Discussion
Pleuropericardial cysts are usually diagnosed in the
fourth and fifth decades.[
2] Their incidence was reported
as 1/100,000.[
1,
3] More than 50% of pericardial cysts
are usually asymptomatic and present no findings on
physical examination unless they reach a considerable size to cause symptoms.[
4] They are usually diagnosed
incidentally on a chest X-ray obtained for other
reasons. Various symptoms have been reported due
to extremely large dimensions and varying localizations.[
5] Symptoms that are not associated with compression
may also be seen in the presence of infection,
rupture, or intracystic hemorrhage. Erosion to the right
ventricle wall and vena cava wall was reported in two
separate cases, as well.[
3,
6] Thoracic CT scans usually
show a well-defined, thin-walled, and fluid-filled
cystic lesion with a density of 0-20 HU.[
2] Although
the classical anatomic localization is the right cardiophrenic
angle, different intrathoracic localizations can
be seen.

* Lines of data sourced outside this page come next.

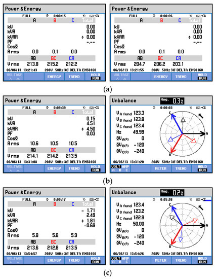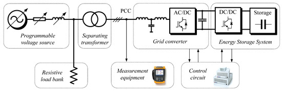 The power-conditioning functions of the designed system are verified experimentally. The scheme of the test setup is shown in Figure 9. The compensator is composed of a three-leg, three-level 15 kVA DC–AC grid converter and energy storage system. To provide dynamic voltage support, a power-source-type storage should be considered. In the experiment, this is a 75 V 94 F supercapacitor bank. Due to the high voltage ratio, it is interfaced to the DC-link by a dual active bridge (DAB) bi-directional DC–DC converter. The converter controls are implemented using C++ code in a dSPACE 1006 controller. The grid is simulated by a programmable voltage source with a programmable impedance module. A local resistive load bank is connected to avoid reverse power flow. A Fluke 434 power analyzer assures the measurement of the PCC voltage parameters according to the EN50160 standard. The experiments are conducted with 3 × 120 V nominal phase voltage (208 V line-to-line voltage). The fundamental value of the grid impedance in the experiment is: X = 0.4 Ω, R = 0.7 Ω and |Z| = 0.8 Ω.
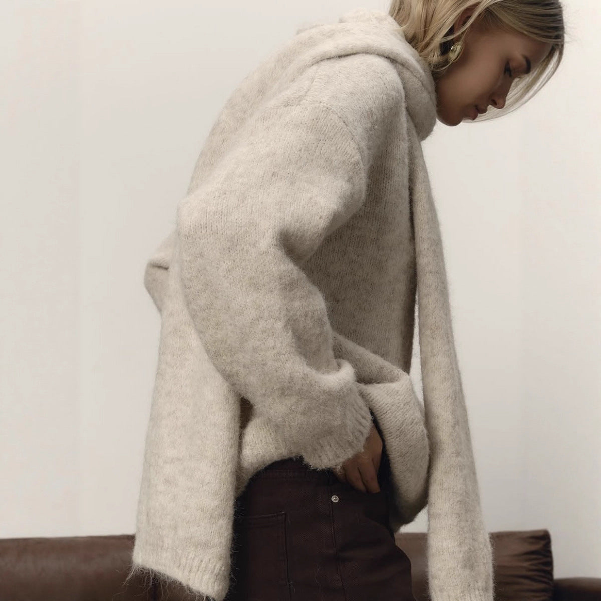 Loose Lazy Soft Wool Sweater Women Autumn Winter Pullover Loose Sweater Scarf Set
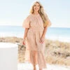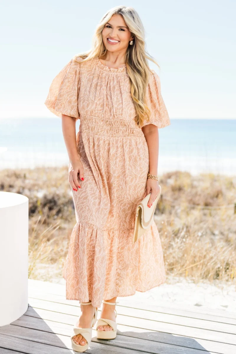 Elevate your summer wardrobe with the Sunlit Stroll Maxi Dress in taupe! This dress features a rounded neckline and smocked waist for a flattering fit, along with elastic puff sleeves for added style and comfort! Perfect for a day out under the sun or a romantic evening stroll!
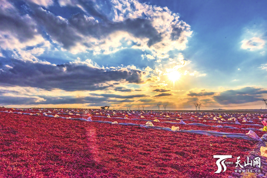 9月15日,沙灣市安集海鎮(zhèn),農(nóng)民在晾曬辣椒。金秋時(shí)節(jié),被譽(yù)為“辣椒之鄉(xiāng)”的安集海鎮(zhèn)處處都是紅彤彤的辣椒,一派豐收景象。 田國(guó)建攝
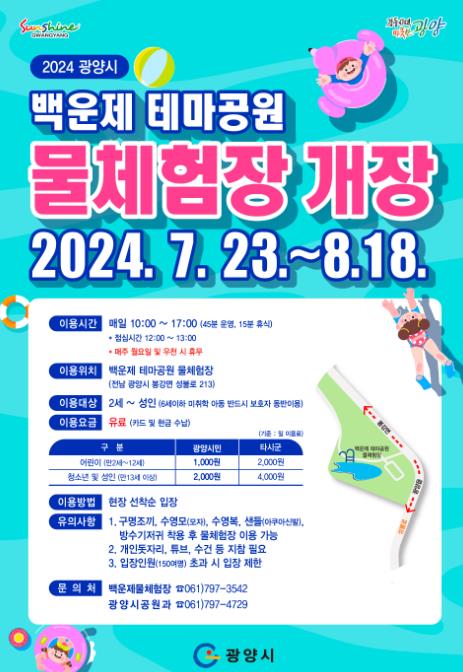 [남도저널 김영도 기자] 광양시가 오늘(23일) 백운제 테마공원 물 체험장(봉강면 성불로 213 일원)을 개장했다.
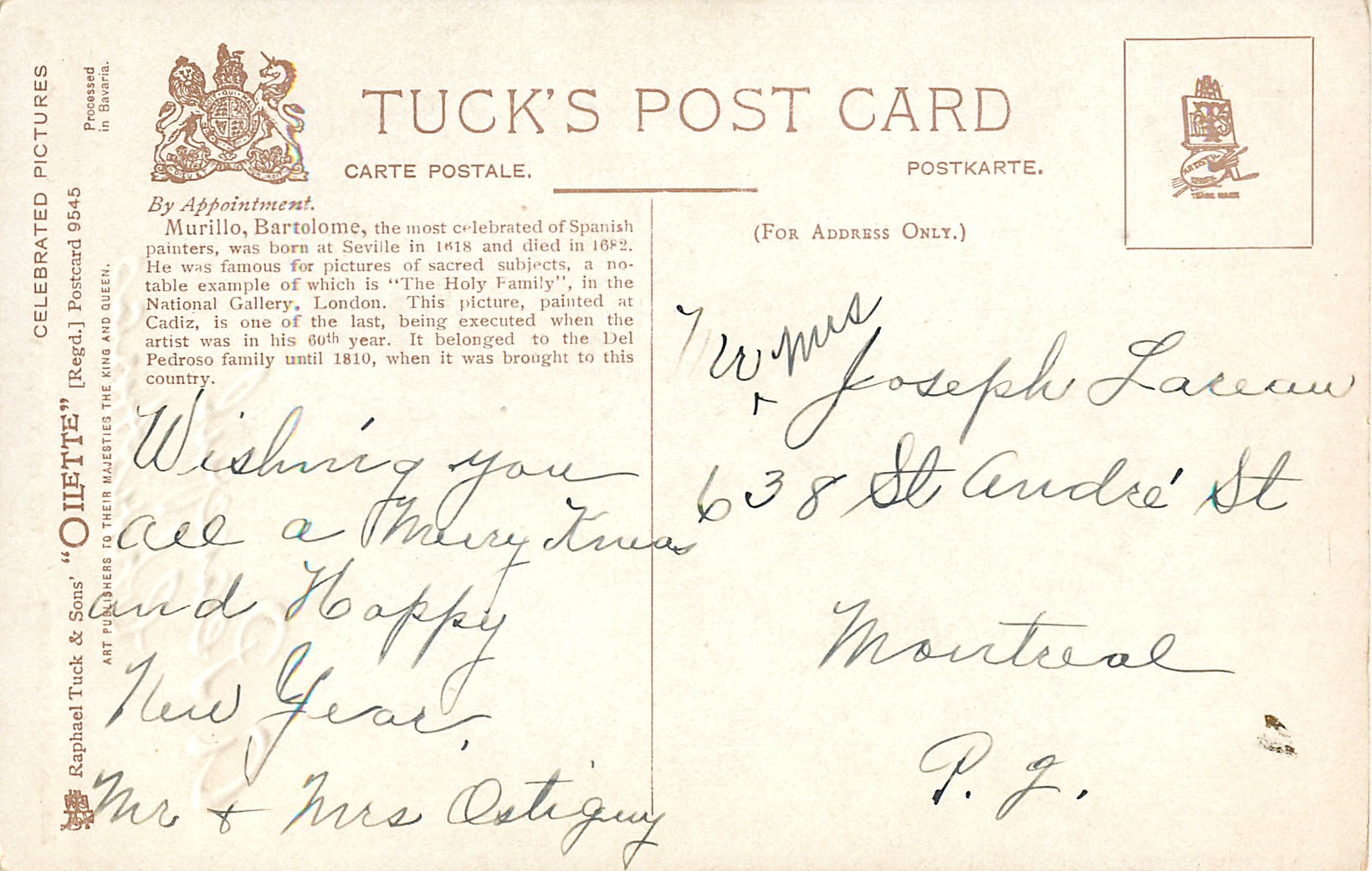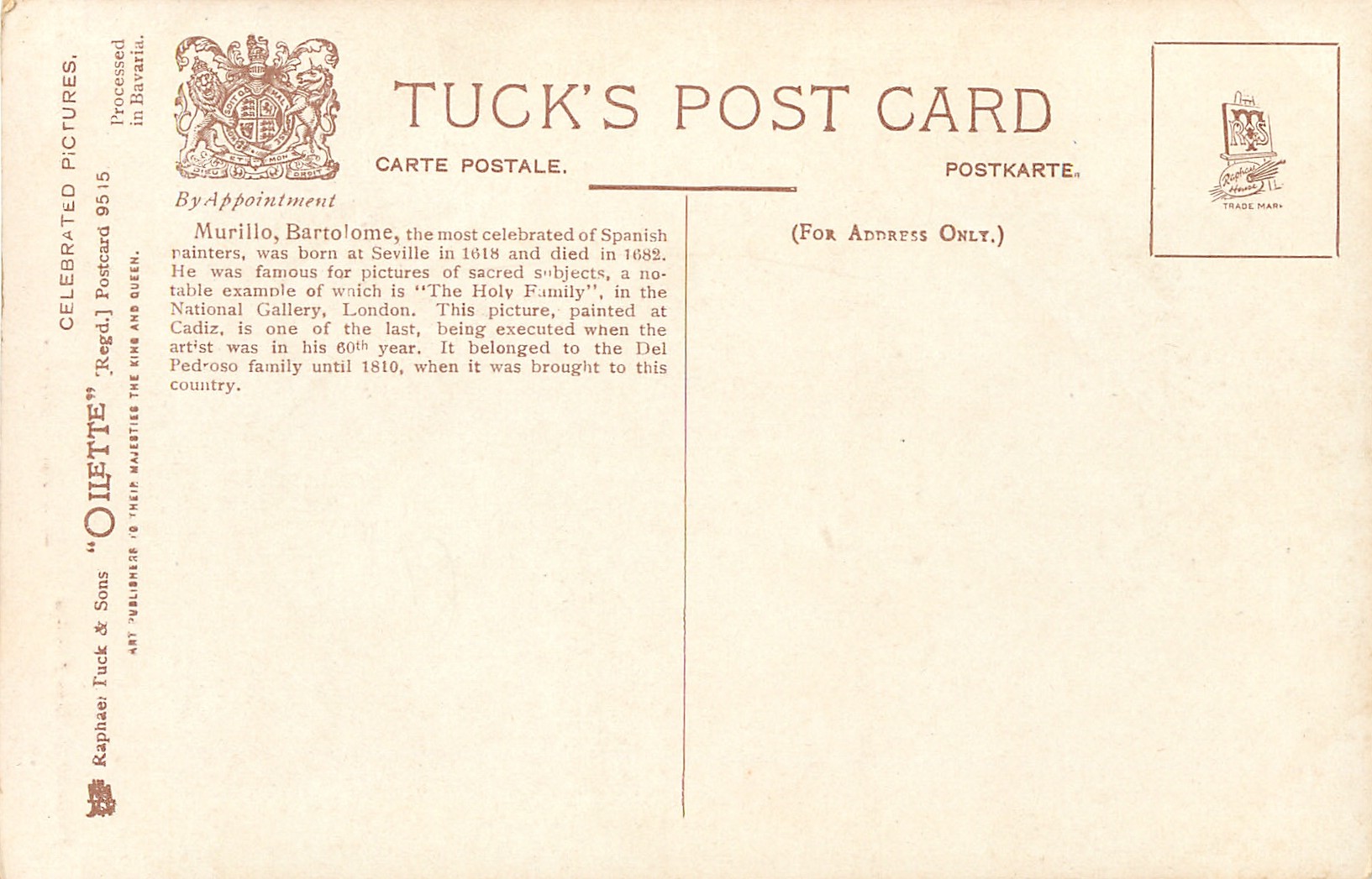 OILETTE, PRINTED IN ENGLAND or PROCESSED IN BAVARIA with or w/o COPYRIGHT LONDON, listed as GALLERY PICTURES & as NATIONAL GALLERY in 1908/1909 & 1911/1912 Catalogue, listed as GALLERY PICTURES in 1908/1909 & 1913/1914 Postcard Catalogue, listed in TUCK'S TRAVELOGUES (USA?1905)
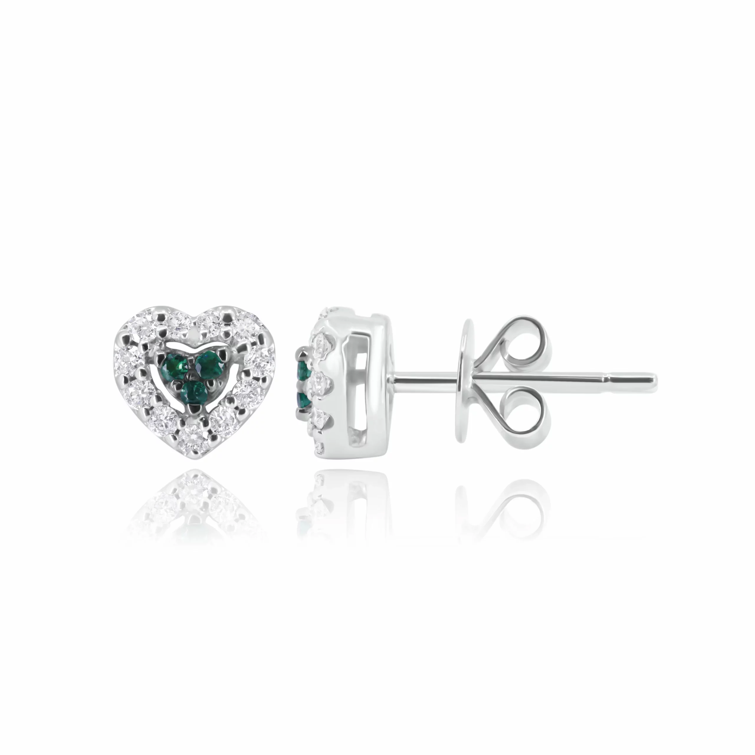 Orecchini Cuore con Smeraldi e Diamanti in oro bianco 18 kt:

Approximately 51-70% of the cysts are localized
in the right and 22-38% are localized in the left
cardiophrenic angle, while 8-11% may be found in the
posterior mediastinum and hilar, right paratracheal,
and paraaortic regions.[
5]
In the differential diagnosis of these cysts, Morgagni
hernia, pericardial fat pad, and tumors originating from
the mediastinum, diaphragm, heart, or pericardium
should be considered.[3]
The main surgical procedure for pericardial cysts is
surgical resection by thoracotomy.[1-3] Videothoracoscopic
resection may also be used for typical pericardial cysts
that are not large.[7,8] In the presence of any life-threatening
condition such as cardiac tamponade, heart insufficiency,
or shock caused by extremely large cysts, needle
aspiration may be lifesaving.[6]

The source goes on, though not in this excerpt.